How many grams of NH3 can be produced from 2.89mol of N2 and excess H2.
Express your answer numerically in grams.
N2 + 3H2 ==> 2NH3
mols N2 = 2.89
Convert to mols NH3 using the coefficients in the balanced equation.
2.89 x (2 mols NH3/1 mols N2) = 2.89 x 2/1 = ?
Then g NH3 = mols NH3 x molar mass NH3 = ?
9.5
To determine the number of grams of NH3 produced, we first need to calculate the limiting reactant between N2 and H2.
The balanced chemical equation for the reaction between N2 and H2 to produce NH3 is:
N2 + 3H2 -> 2NH3
According to the stoichiometry of the balanced equation, for every 1 mole of N2, 2 moles of NH3 are produced.
So, if we have 2.89 moles of N2, we can find the moles of NH3 produced by multiplying the moles of N2 by the mole ratio:
Moles of NH3 = 2.89 mol N2 x (2 mol NH3 / 1 mol N2)
Moles of NH3 = 5.78 mol NH3
Next, we need to convert the moles of NH3 to grams using the molar mass of NH3.

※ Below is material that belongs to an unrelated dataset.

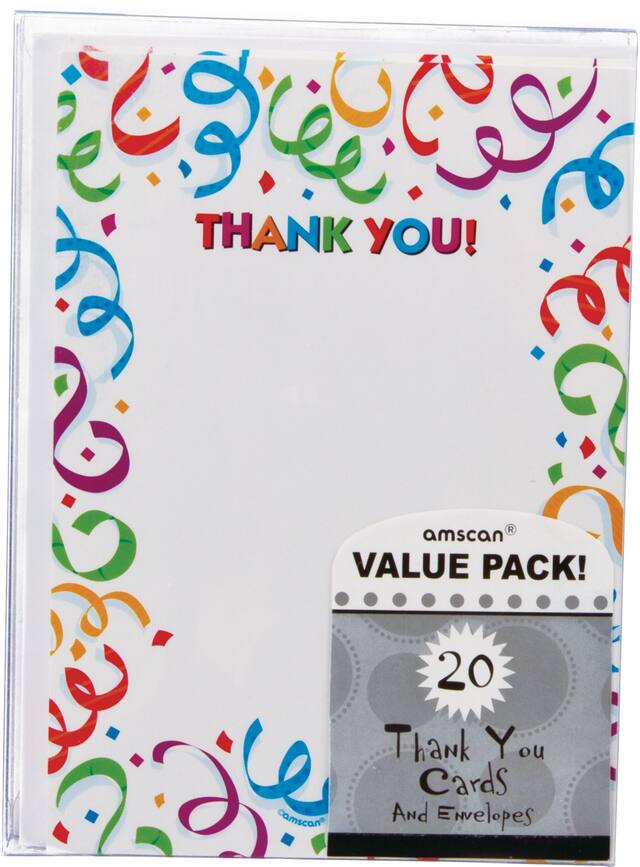 • Fanfare Fun Thank You Cards features a fun confetti border of rainbow swirls and the headline "Thank You!" against a white background
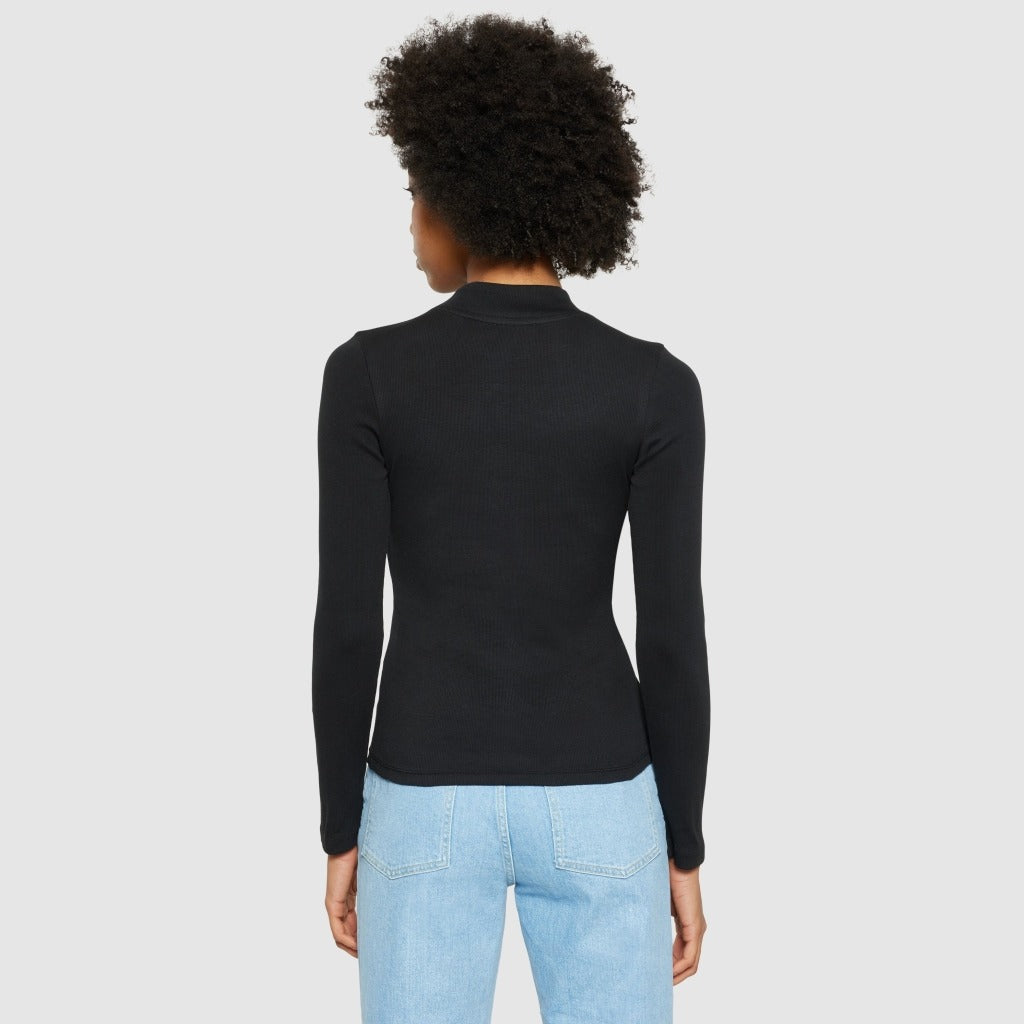 Das langärmeliges Ripp-T-Shirt besteht aus weicher Bio-Baumwolle mit einem Hauch von Stretch für Bewegungsfreiheit und eine taillierte Passform. Das T-Shirt hat eine normale Passform mit breiten Rippbündchen für eine strukturierte Oberfläche und einen hohen Kragen.

Molar mass of NH3 = 14.01 g/mol + (1.01 g/mol x 3) = 17.03 g/mol
Now, we can calculate the grams of NH3:
Grams of NH3 = 5.78 mol NH3 x 17.03 g/mol
Grams of NH3 = 98.59 g
Therefore, approximately 98.59 grams of NH3 can be produced from 2.89 moles of N2 and excess H2.
To determine the grams of NH3 produced, we need to use the balanced chemical equation for the reaction between N2 and H2 to form NH3.
The balanced chemical equation is:
N2 + 3H2 -> 2NH3
From the equation, we can see that 1 mole of N2 reacts with 3 moles of H2 to produce 2 moles of NH3.
First, we need to calculate the number of moles of NH3 produced from 2.89 moles of N2.
According to the balanced equation, the mole ratio between N2 and NH3 is 1:2. Therefore, the number of moles of NH3 produced will be:
2.89 moles N2 x (2 moles NH3 / 1 mole N2) = 5.78 moles NH3
Next, we need to convert the moles of NH3 to grams. To do this, we need to know the molar mass of NH3, which is approximately 17.03 g/mol.
To calculate the grams of NH3 produced, we can use the following formula:
Grams = Moles x Molar Mass
Grams of NH3 = 5.78 moles NH3 x 17.03 g/mol = 98.5294 g
Therefore, approximately 98.53 grams of NH3 can be produced from 2.89 moles of N2 and excess H2.